▸ **Extracted information**
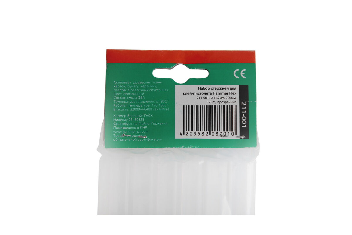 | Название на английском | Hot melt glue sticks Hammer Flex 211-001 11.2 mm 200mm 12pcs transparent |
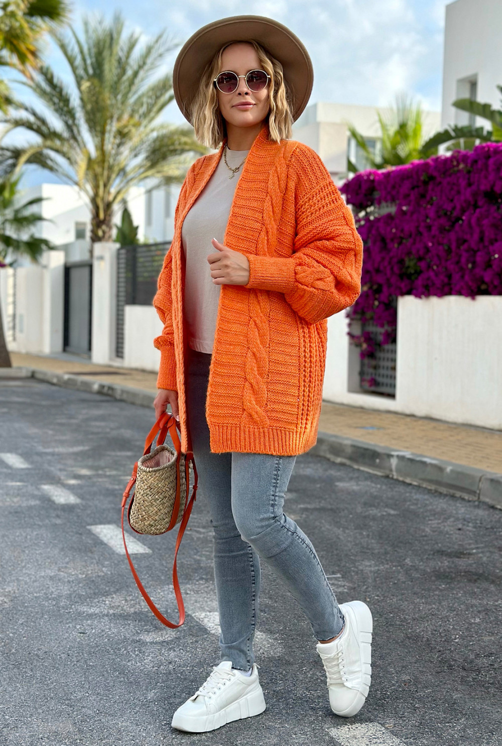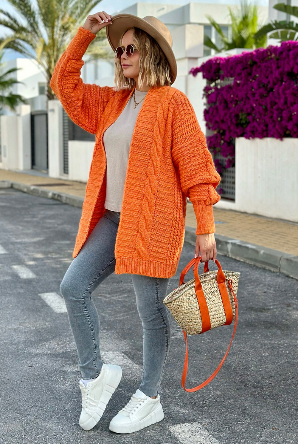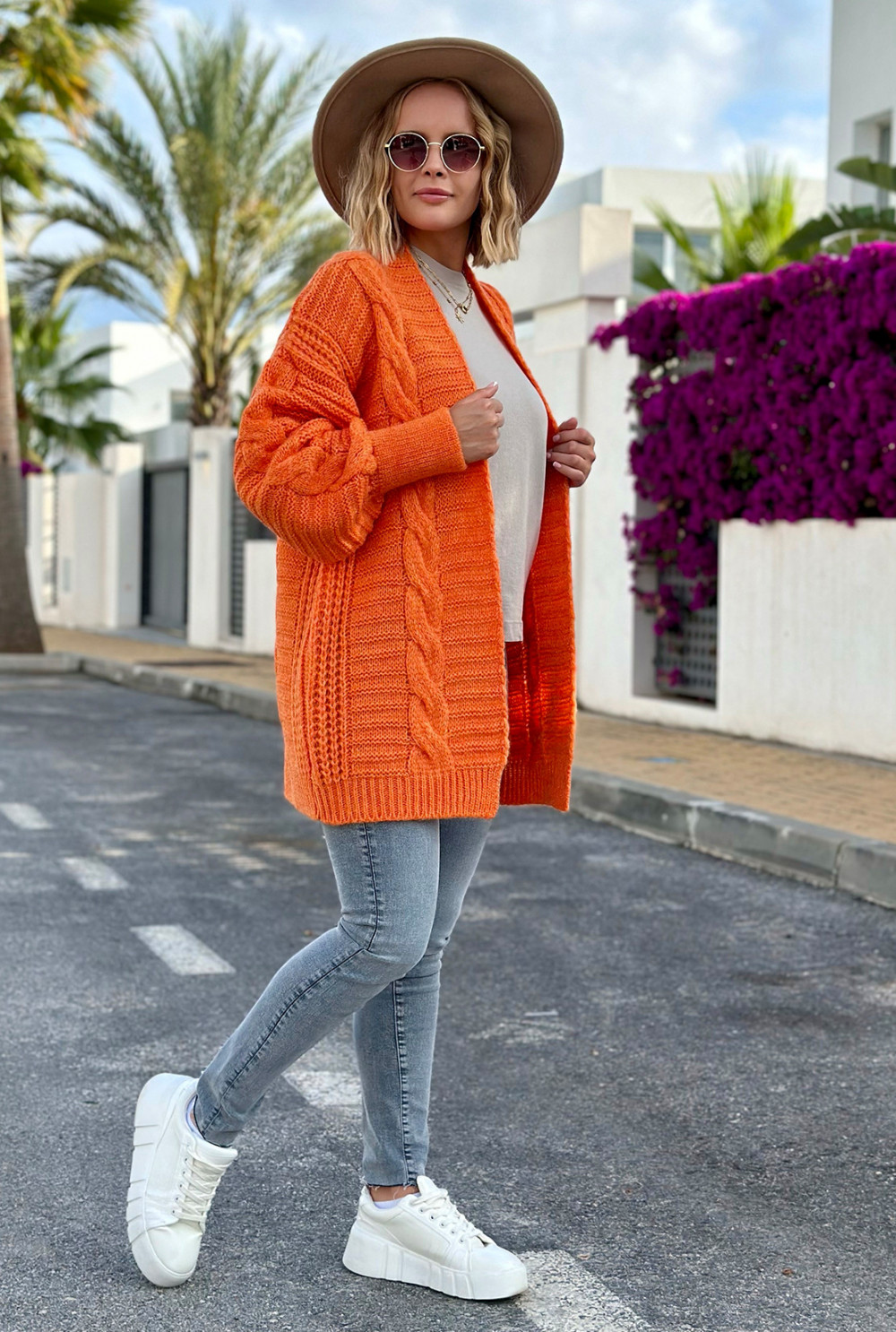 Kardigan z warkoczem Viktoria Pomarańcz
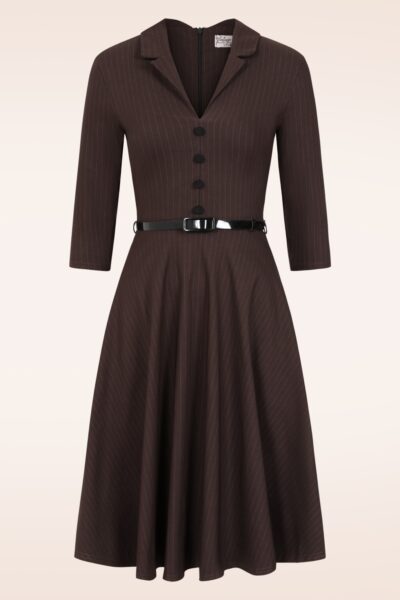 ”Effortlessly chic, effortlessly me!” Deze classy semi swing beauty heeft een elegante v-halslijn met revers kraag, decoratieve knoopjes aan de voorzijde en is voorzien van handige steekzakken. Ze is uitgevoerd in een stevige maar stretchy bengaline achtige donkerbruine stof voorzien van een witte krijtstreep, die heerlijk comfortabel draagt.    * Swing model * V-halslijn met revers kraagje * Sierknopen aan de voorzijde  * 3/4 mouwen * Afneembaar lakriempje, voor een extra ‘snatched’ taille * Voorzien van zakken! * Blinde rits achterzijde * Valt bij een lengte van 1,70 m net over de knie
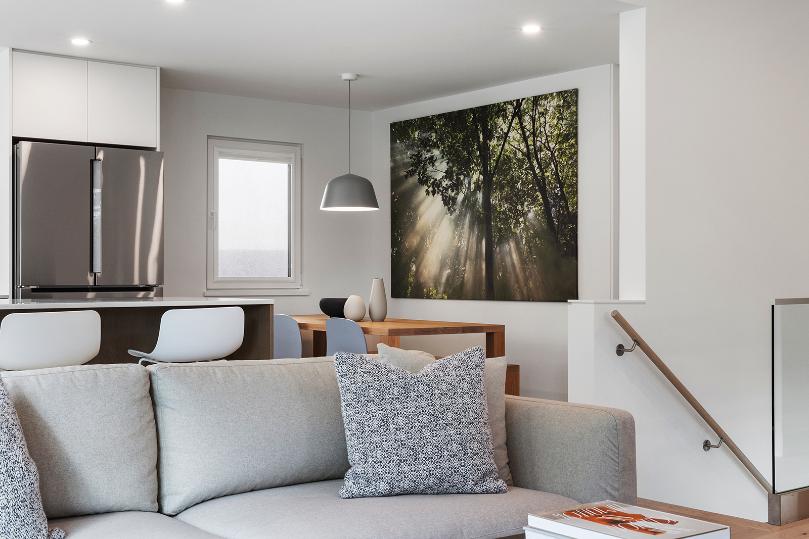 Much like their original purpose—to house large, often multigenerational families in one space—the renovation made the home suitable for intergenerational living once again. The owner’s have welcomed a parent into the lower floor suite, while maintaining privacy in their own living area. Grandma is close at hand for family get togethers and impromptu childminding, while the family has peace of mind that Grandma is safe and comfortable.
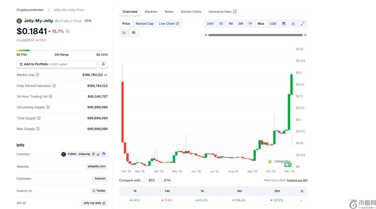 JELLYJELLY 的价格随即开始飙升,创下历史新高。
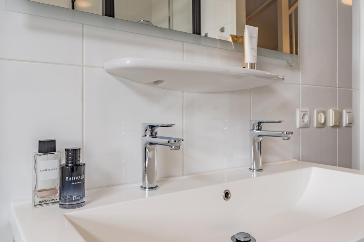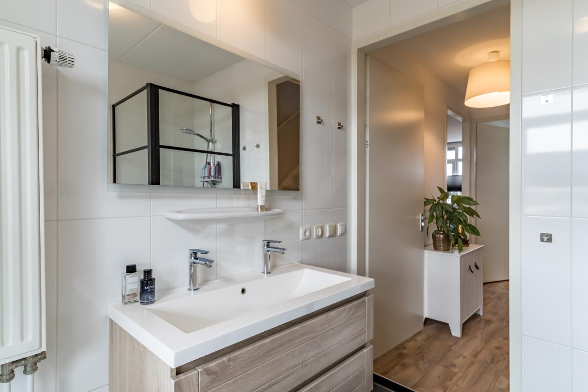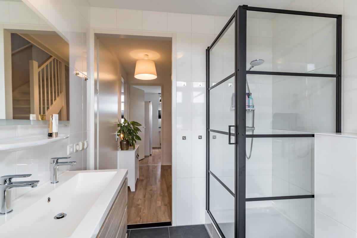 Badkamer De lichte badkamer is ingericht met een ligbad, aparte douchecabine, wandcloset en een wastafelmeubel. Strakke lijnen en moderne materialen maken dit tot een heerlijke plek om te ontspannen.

* * *

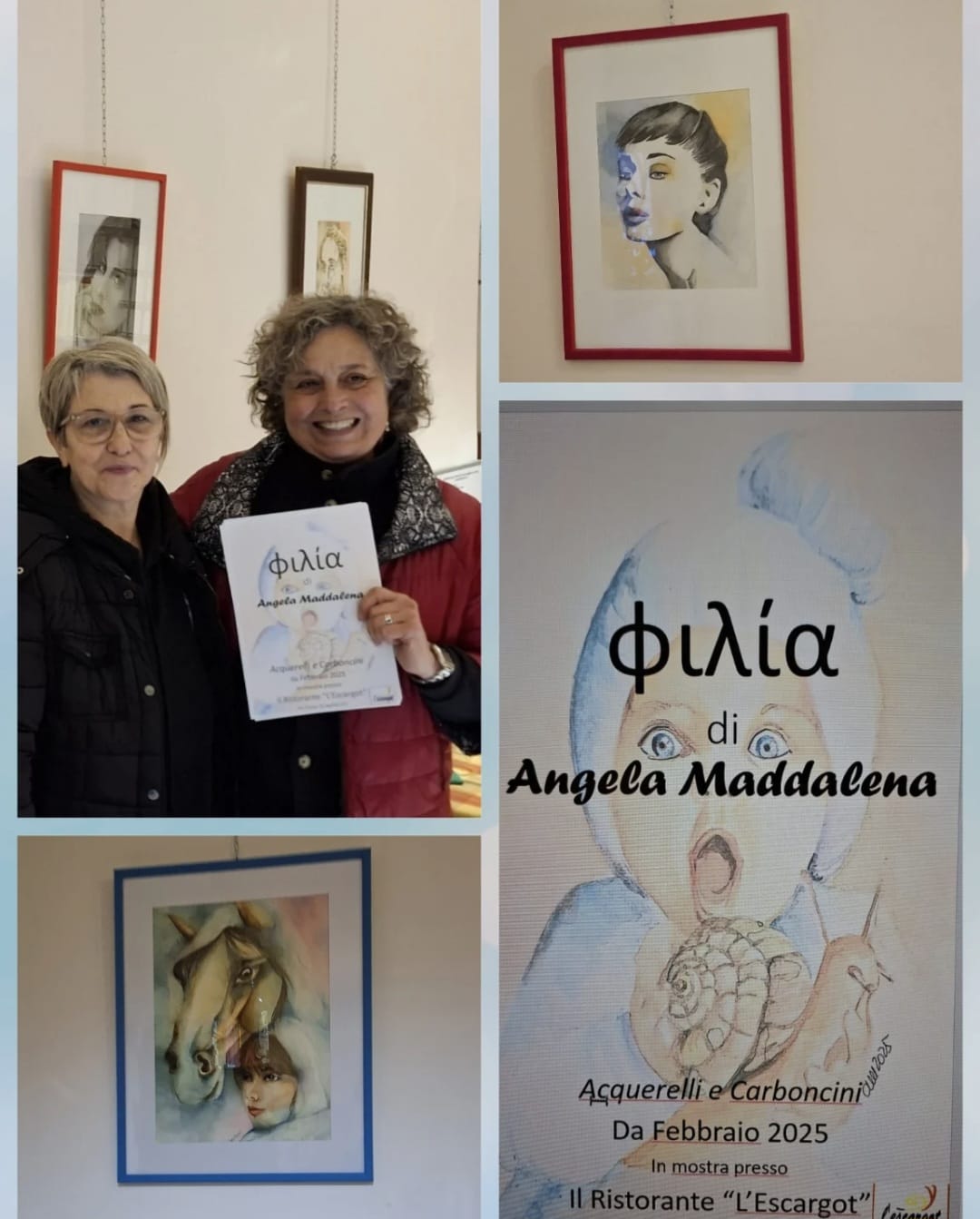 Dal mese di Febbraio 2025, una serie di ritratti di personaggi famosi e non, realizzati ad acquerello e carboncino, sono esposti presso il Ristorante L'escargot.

▸ **Directions for this task**
Copy out exactly the lines above beginning with the line that contains "JELLYJELLY 的价格随即开始飙升,创下历史新高。" and finishing with the line that contains "Badkamer De lichte", including both; leave the pictures out.

▸ **Completed task**
 JELLYJELLY 的价格随即开始飙升,创下历史新高。
 Badkamer De lichte badkamer is ingericht met een ligbad, aparte douchecabine, wandcloset en een wastafelmeubel. Strakke lijnen en moderne materialen maken dit tot een heerlijke plek om te ontspannen.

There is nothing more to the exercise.